Elevation and Suicide

The other day, I got into a somewhat protracted battle on Facebook with a fellow who I charitably describe as “absolutely fine with confirmation bias.” The nature of that conversation inspired me to look a bit deeper into this story when someone else posted it as a link in another subthread of the same conversation. You don’t have to read it. The gist of it is this: there’s a Utah neurologist who thinks that living at altitude effects the mood altering/controlling neurotransmitters serotonin and dopamine, and that this is why Utah (and the other mountain west states) have such high rates of suicide. How good is this theory?
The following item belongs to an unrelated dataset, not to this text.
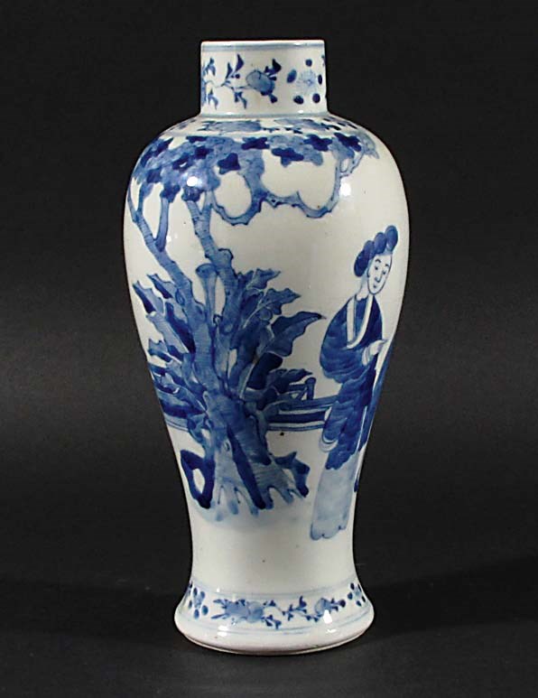 CHINESE BLUE AND WHITE BALUSTER VASE, painted with figures in a garden, blue Kangxi four character mark but 19th century, height 23.5cm

There is no questions that these states have high rates of suicide. Pictured to the left is 2012 data from the CDC. You can see that the “mountain west” states are 7 of the top 10m6345qsf, and all mountain west states are in the top 12. If you assume that Oregon’s and Alaska’s high rates are connected to those that live in or near the mountains those states have, then altitude explains 11 of the top 12 highest rates.

It’s starting off as a pretty strong case. So I set off in search of some data. I’ll skip what I found first. I ultimately decided on getting county-level suicide data from here, and county-level elevation data from the here.

So far, so good. Both datasets required a bit of cleaning (I used R) and then I joined the two datasets using a combined State FIPS + County FIPS variable. I ran a simple linear regression using “Average Elevation of the County” as the input and “Crude Suicide Rates per 100,000” as the output. And here it is.suicide_elevation

And the theory looks pretty good. There’s seems to be a strong correlation between elevation and suicide. In fact, this model shows this correlation is statistically significant at p<.001. And I can say I used two good, trustworthy data sources: the CDC for mortality data and USGIS for elevation data. I didn’t do anything sneaky statistics-wise. the Q-Q residuals look good and confirm that no major assumptions of the linear model were violated. The only thing you might want for a more robust finding is to control for other variables (like poverty).

And that’s why I thought this was worthy of a post. It isn’t that this data analysis is “bad” per se, but it’s woefully incomplete. Stopping here would be a bad thing to do, not just because I didn’t control for other variables (that are likely more important than elevation, R-squared for this model is only 0.1663).

No, the real problem with this data shows up in the data I found first, from the WISQARS interactive database the CDC recently launched. On there I was able to make a query and generate a map..and theoretically…download the data that generated the map. But alas, this functionality seems to be broken at the moment. So if I wanted to run my own regression (and I did) I had to go get my data elsewhere. Here is the map I generated.output-m7723388

Notice that big white band running north – south in the middle of the country? And all those giant white islands in the sea of brown further west? Those are really important. That’s missing data. And that data is “missing” because the CDC considered it “unreliable” and “suppressed” it. That data is “unreliable” primarily because those counties are either really sparsely populated (so a single suicide would generate an incredibly high rate/100,000 or those counties had too few suicides in the five-year time span to calculate a genuine rate).

That’s really important because that means that the missing data is not random and the reason it’s missing is directly related to the hypothesis under investigation.

What that means is, for the most part, these counties had very few suicides. And (and this is important) most of those counties exist at elevations higher than the 0ft – 1000ft area where the suicides cluster on the left-hand side of the scatterplot.

When I got rid of counties with no data, I went from the +3000 counties the US has down to 483, a loss of around 85% of total counties. In the remaining dataset the lowest suicide rate was 4.7 suicides per 100,000 people. So I ran a simulation where all missing rates were replaced with this number. And what happened? The correlation vanished.

Now this is not an entirely fair way to test this data. But it’s not entirely unfair either, 4.7 suicides per 100,000 is a pretty low rate, but it’s also a much higher rate than any of these counties actually experience (which is why the data is missing). Consistent variations within these ~2500 counties might still lead to a detectable correlation with altitude. But I doubt it.

And I doubt it because what appears to a Utah-based neurologist to be an issue with elevation is probably much more strongly correlated with other features that also correlate with elevation: poverty, rurality, machismo, gun culture, high levels of drug and alcohol abuse–and all of these things, in turn, correlate with suicide in general and can help explain the rise in rates that these states have seen in the last few years. That is, elevation may effect dopamine and serotonin levels, but they were doing that in 2005, 2000, 1995, … and on and on. So we can’t use elevation to explain the rise in rates even if it helped explain the high base rate (which it probably doesn’t.)